Six seconds later the Captain said, "Good. Excellent. Extend a field through the ship's axis and let her down easy on the hull."
He tapped the Q2 button on his console.
"Two! Get topside quick for a flitter pilot. She just saved our lives. Let me know as soon as she's inside. We're going up from here."
"I'm already on it, sir. I saw what you were doing and opened bay two. I'll have the flitter inside in a few seconds."
T'Var said, "Good job, Two," and tapped his console again.
"Sickbay, get a crash team to quad bay two. Expect high radiation levels. If that pilot dies, you may as well jump off while you're up there and save me some trouble."
"Yes, sir. Leaving now. Tac said that Stardancer was here."
"You heard right. We're probably alive because of her."
He punched sickbay and the bridge recorder off at the same time and turned back to face the helmsman.
"That's how it works, Ensign. I say it and you do it. If you ever question me during combat again, I'll shoot you and run your board myself until your replacement arrives.

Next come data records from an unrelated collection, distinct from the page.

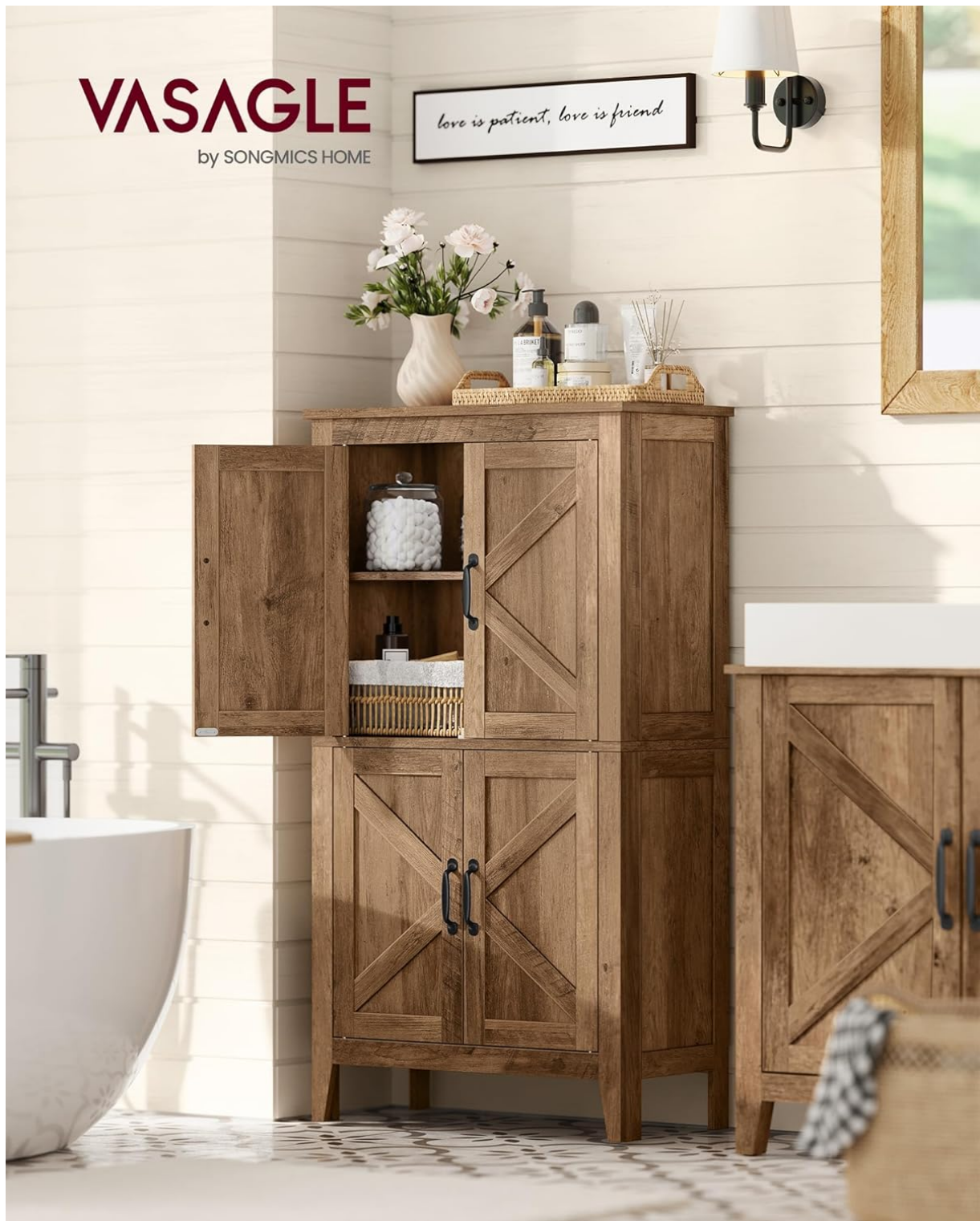
Image: The VASAGLE LIRY Collection Farmhouse Storage Cabinet, Honey Brown, shown in a bathroom environment, demonstrating its aesthetic and functional integration.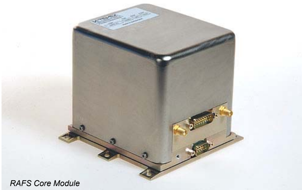
RAFS Core Module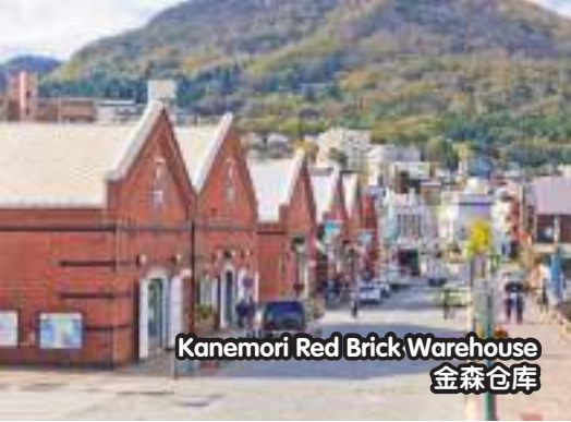
Kanemori Red Brick Warehouse 金森仓库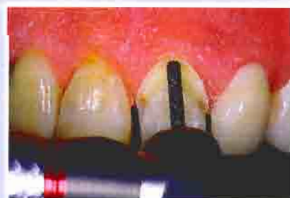
Figure 6B —Facial view of margin placement done with either the KS1 or KS2 diamond.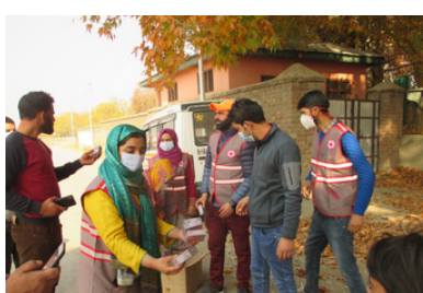
Jammu & Kashmir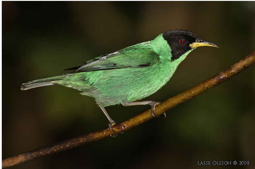
Green Honeycreeper ( Chlorophanes spiza ) – Serra dos Tucanos 2008-12-17

A pair Serra dos Tucanos and 1 female Ubatuba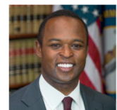
Daniel Cameron (R)

The information below was compiled from official actions and a candidate questionnaire distributed by the Commonwealth Policy Center, a nonprofit, nonpartisan Kentucky organization.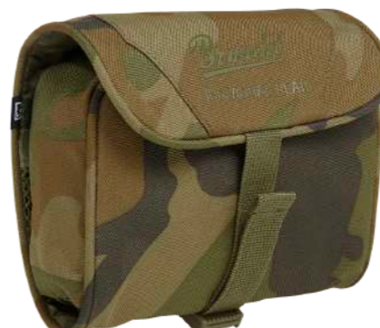
COLOR | 15010 - woodland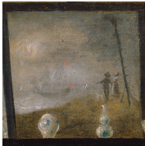
Dutch artist Quiringh Gerritsz van Brekelenkam painted Family Group at Dinner Table in about 1658–1660.

In this painting, a family of 5 finishes their meal. DESCRIBE the painting within the painting, on top of the cabinet: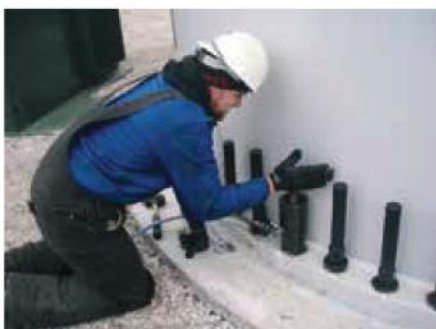
Foundation bolt tensioning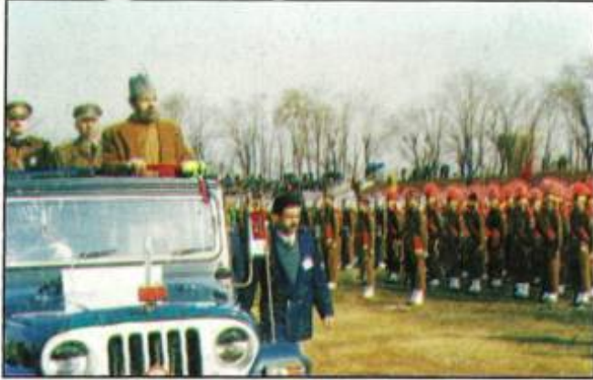
ایم جی کے موقع پر ریاست کے وزیر اعلیٰ عزت مآب جناب مفتی محمد سعید نے بچوں کو نصیحتیں پیش کیں اور موقع پر جشن جیہ ماحول برپا کیا۔

☆ ۶ جنوری کو سکولی بچوں نے ریاست کے وزیر اعلیٰ عزت مآب جناب مفتی محمد سعید سے ملاقات کی اور موصوف کو گلہ سے پیش کئے۔ اس ملاقات کے دوران وزیر اعلیٰ سکولی بچوں کے ساتھ غیر رسمی گفت و شنید میں بچوں کو نصیحتیں پیش کی گئیں اور موقع پر جشن جیہ ماحول برپا تھا۔ وزیر اعلیٰ نے بچوں سے دورہ کے علاوہ مختلف امور پر تبادلہ خیال کیا اور اس موقع پر خطاب کرتے ہوئے ریاست میں تعلیم کے معیار کو بڑھانے کی خاطر ریاستی سرکاری کوششوں اور اقدامات کا تفصیلی جائزہ پیش کیا۔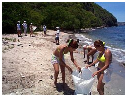
Clean-up activities during "World Beach Day".

Together with INPARQUES, Petrolera Ameriven promotes a project aimed towards solving educational and employment problems in the region. From 2003 on, Ameriven will finance the creation of youth brigades and the creation of a plant nursery in the schools inside the park. It will also finance the creation of a carpentry shop to make the park's signs and generate jobs for park inhabitants.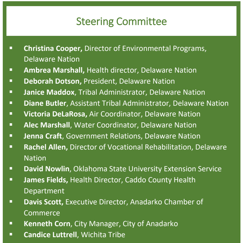
Figure 3 – Steering Committee Members

The technical assistance engagement process for Local Foods, Local Places has three phases, illustrated in Figure 5 below. The plan phase consists of three preparation conference calls with the steering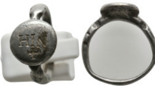
2212 ANCIENT BYZANTINE SILVER RING (1ST-5TH CENTURY AD.) 9 Gr.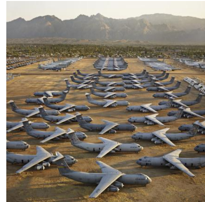
Edward Burtynsky, AMARC #5, Davis-Monthan AFB, Tucson, Arizona, USA, 2006. Chromogenic color print.

The McCord Museum thanks the Ministère de la Culture, des Communications et de la Condition féminine du Québec, the Conseil des arts de Montréal, and its partners Astral, La Presse and The Gazette, for their support.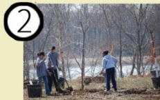
2 tree plantings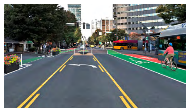
Draft Concept for 108th Ave NE, at the Bellevue Transit Center, looking north)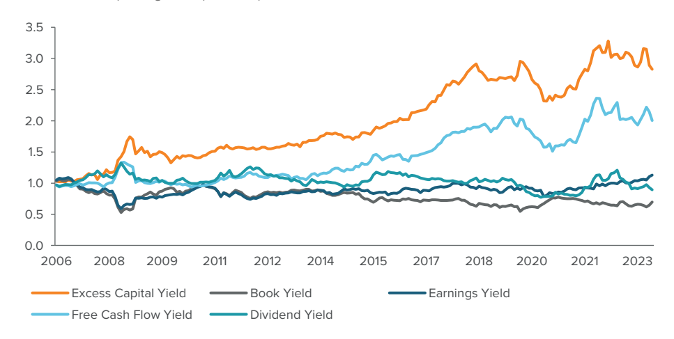
As of 12/31/23. Past performance is no guarantee of future results.

Cumulative, cap-weighted quintile spread returns, R1000V ex-financials, REITs and utilities

Do you understand me?"
The Ensign said, "Yes, sir."
"What's a Captain's first duty, son?"
"I... ah... The ship, sir?"
"That's right. It's the same as yours, Ensign. The ship. I'm not going to order you to do something that can't be fixed later. I'm also not going to mention our little incident in the log unless you make me."
"Sir?"
"You may think that you may want to mention what just happened between us when we get clear of all this. If you do, your career will be over. Nobody will want a rat on their deck and I'll damned well make a new career of ending your career if you threaten mine. That's as simple as it gets, Ensign. What's your answer?"